The economic theory of crime suggests that organized crime arises when (1) government fails to provide basic protection and enforcement of law, (2) government exercises excessive bureaucracy, (3) government makes certain goods and services illegal. Generally, it is perceived that organized crime impoverishes the areas that it controls. A careful investigation of the causal link indicates that organized crime does not cause poverty but rather fills the vacuum that the state created by failing to protect citizens and enforce laws. In those conditions, organized crime acts as a de-facto  government by introducing set of rules, enforcing these rules, and collecting fees for their services. Sicilian mafia (for that matter Neapolitan and Calabrian organizations), which was glorified by Hollywood movies and Mario Puzo's Godfather books, had much less romantic upbringing than one may think. According to Professor Anderson, a prominent scholar in the economics of organized crime and mafias, before the Italian unification of 1870, inhabitants of the island of Sicily used private protection services. After the unification, the state's unwillingness or inability to fund centralized enforcement of law led to outsourcing the law enforcement and governance to the private entrepreneurs known as gabelloti. The subsequent mergers of gabelloti under a more efficient organizational structure became what we now refer to as mafia. Mafia or organized crime in Italy in those impoverished areas took on the role of the government, because government had failed to provide social assistance, protection of property rights, and enforcement of legal agreements. They had the local support and improved the living conditions of peasants.

Italy sounds like a distant and irrelevant comparison. A remote mountainous area known as upper Kodori in the border of Georgia and Abkhazia was populated primarily by an ethnic group called Svans. The recent Georgian and Russian/Abkhazian war left that area impoverished, deserted, and effectively worse than it had been before Saakashvilli's attempt to remove Kodori warlord Emzar Kvitsiani. During Shevarnadze's reign over Georgia, the state decided not to meddle in Kodori business as long as Kodori Svan sided with the Georgian government. Effectively, Kvitsiani was the boss of an organized crime group that had the overwhelming local support. According to some estimates about 1/3 of the "Vory V Zakone" in the early 1990s were from that Abkhazia/Georgian overlap regions. One of the reasons for such a high representation of these people in the criminal world has been the fact that Soviet government was unwilling to enforce state laws and prosecute criminals in that area. People in that region had very minimal protection, hence the rise of criminal organizations in that area was inevitable.

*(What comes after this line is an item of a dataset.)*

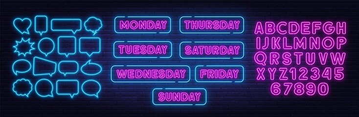 Sunday, monday, tuesday, thursday, wednesday, friday, saturday neon sign on brick wall background.

Another big reason for the rise of criminal organizations is changing the legal status of certain goods and services. For example, by making alcohol illegal, the US experienced one of the highest crime rates and the rapid growth of criminal organizations during the prohibition period. Professor Jeffrey Miron has the most convincing data and discussion on this matter. Here is the graph of Homicide Rates in the US and the Federal Expenditure to 'fight' the Crime:

The graph above shows that the unusual jump in homicide rates came about the same time when the Fed outlawed alcohol and again around 1980's Reagan's war on drugs. I will not elaborate on the mechanisms how these laws led to more crime, but if you are interested you can read Jeffrey Miron's books and articles. Soviet experience around the alcohol prohibition years 1985 to 1987 is another clear examples to this end. I remember as a child that some of our neighbors became active in this business. Brutal fights, knife stabbings, and incidence of alcohol poisoning became quite frequent in my neighborhood (yes, I lived in a poor neighborhood). When the state refuses to extend the law and justice, the private sector steps in to fill that gap. Unfortunately, the only credible way to enforce contracts under these circumstances is the use of brutal force.

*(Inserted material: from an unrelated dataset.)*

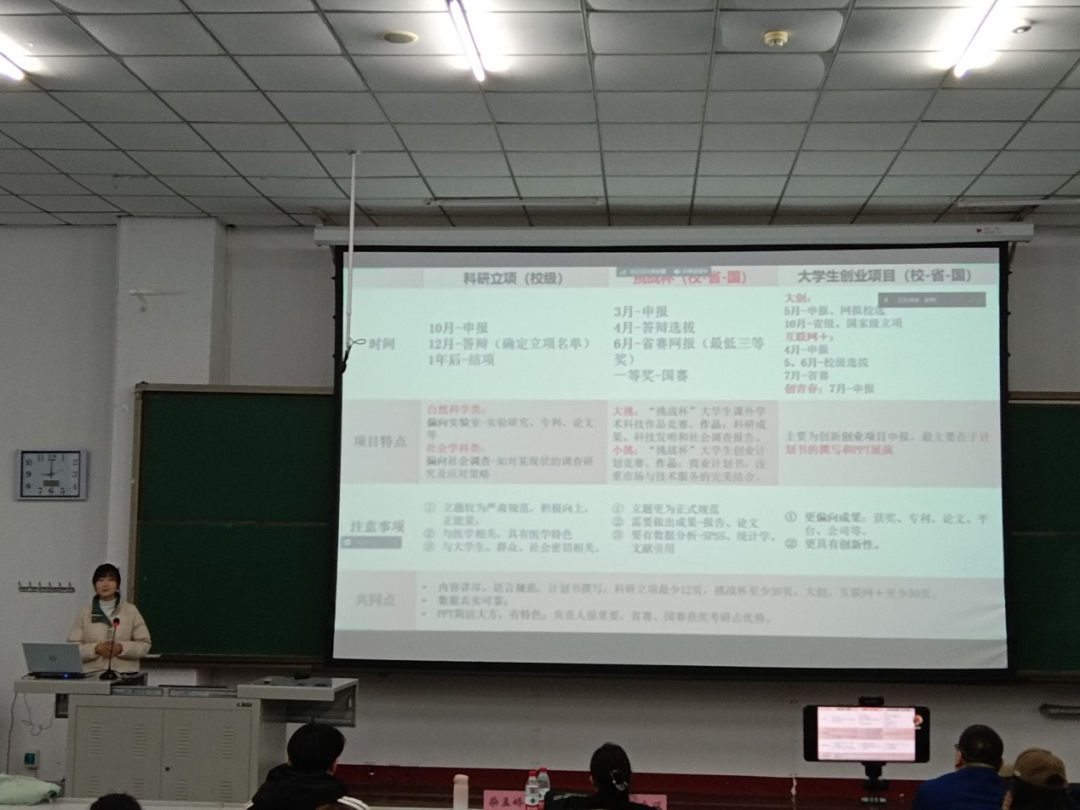 毛会丽老师介绍了“挑战杯”竞赛章程,着重讲述了申报表的撰写、创业计划书的组成、填写及相关证明材料的书写,特意强调扉页、目录、执行概要信息的书写格式及要求,在核心技术信息、行业与市场分析、营销策略、生产运营等方面也进行了分析。在与同学交流的过程中,老师热情的为大家解答疑惑,帮助大家更深入地了解“挑战杯”的内容,使大家受益匪浅。

So far I have addressed the causes and consequences of criminal enterprise in other parts of the world. What about Kyrgyz Republic? Well, first and foremost, citizens are concerned about the homicide rates. What does the homicide rate look for KG? Here is the graph that I constructed using UN data:


As you can see, the homicide rates are highly correlated with the economic uncertainty and political change. In 1990s, there was a sharp increase in the murder rate as the assets were being divvied up among various criminal groups. In 2005, there was another round of asset redistribution activities with deadly consequences. And of course, though it is not shown in the graph, the recent political turbulence led to massive death toll.

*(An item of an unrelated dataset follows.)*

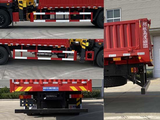 | 其它 | 該車用于貨物的起吊和托運,專用裝置貨箱和吊機;選裝欄板樣式,選裝后支腿,選裝座椅操作位置及支腿,隨車選裝駕駛室樣式;僅采用5850+1350(mm)軸距;側、后防護材料均為:Q235,連接方式均為:螺栓連接,后部防護截面尺寸(mm):120×80,后部防護離地高度(mm):480;ABS型號及生產廠家為:3631010-C2000/東科克諾爾商用車制動系統(tǒng)(十堰)有限公司,J ABS/焦作博瑞克控制技術有限公司;發(fā)動機/油耗值(L/100km)對應關系為:YCS06270-60/32.4;吊機型號/吊機重量(kg)/最大起升載荷(kg)分別為:TSQ300/5000/12000.安裝有具有衛(wèi)星定位功能的行駛記錄儀,該車型加裝ETC車載裝置。 | ||

The data suggest that the homicide rate is counter-cyclical, when times are tough the murder rate is higher.

What lessons can we learn from it all? The most efficient way to reduce crime in Kyrgyz Republic is not hunting (scape goat) public enemies but making sure that


TRUST IN LAW ENFORCEMENT AGENCIES
1. Our law enforcement agencies carry out very basic duties such as following their code of conduct, arresting anyone who infringes upon private property, and punishing anyone who commits grave crimes to the full extent of the law. (Here I would advocate that we institute death penalty, but my feeling is that many will not support it. I will address this issue of death penalty in my next entry)
2. Releasing 80% of the law enforcement agents from their duty and start a new hiring process by an independent agency.
3. Reducing the number of militsia but increasing the salary for those who are selected for the job.
4. Creating clear Performance Indicators and rewarding officers for superior jobs.

LEGALIZATION OF PROSTITUTION and DRUGS
5. Legalizing prostitution in order to reduce criminal enterprise's revenue source, and most importantly to provide a better legal protection for young women and men in this sector.
6. Legalizing drugs by following Swedish model. In other words, legalize the sale of drugs but make buyers subject to criminal offense. It will reduce the drug related crimes, reduce drug impurity, bring the industry under public watch and away from criminal underground.

CREDIBLE PUNISHMENT
7. Publicizing the funds allocated to prison system and conditions in the prisons.
8. Address the issue of overcrowding in prisons that tends to further improve the criminal network and skills.
9. Publicly discuss various punishment terms, including the death penalty, for various crimes.

EDUCATION
10. Addressing the retention and improving quality of education for youth in elementary and secondary schools, since these are the ones who are easily recruited by criminal organizations.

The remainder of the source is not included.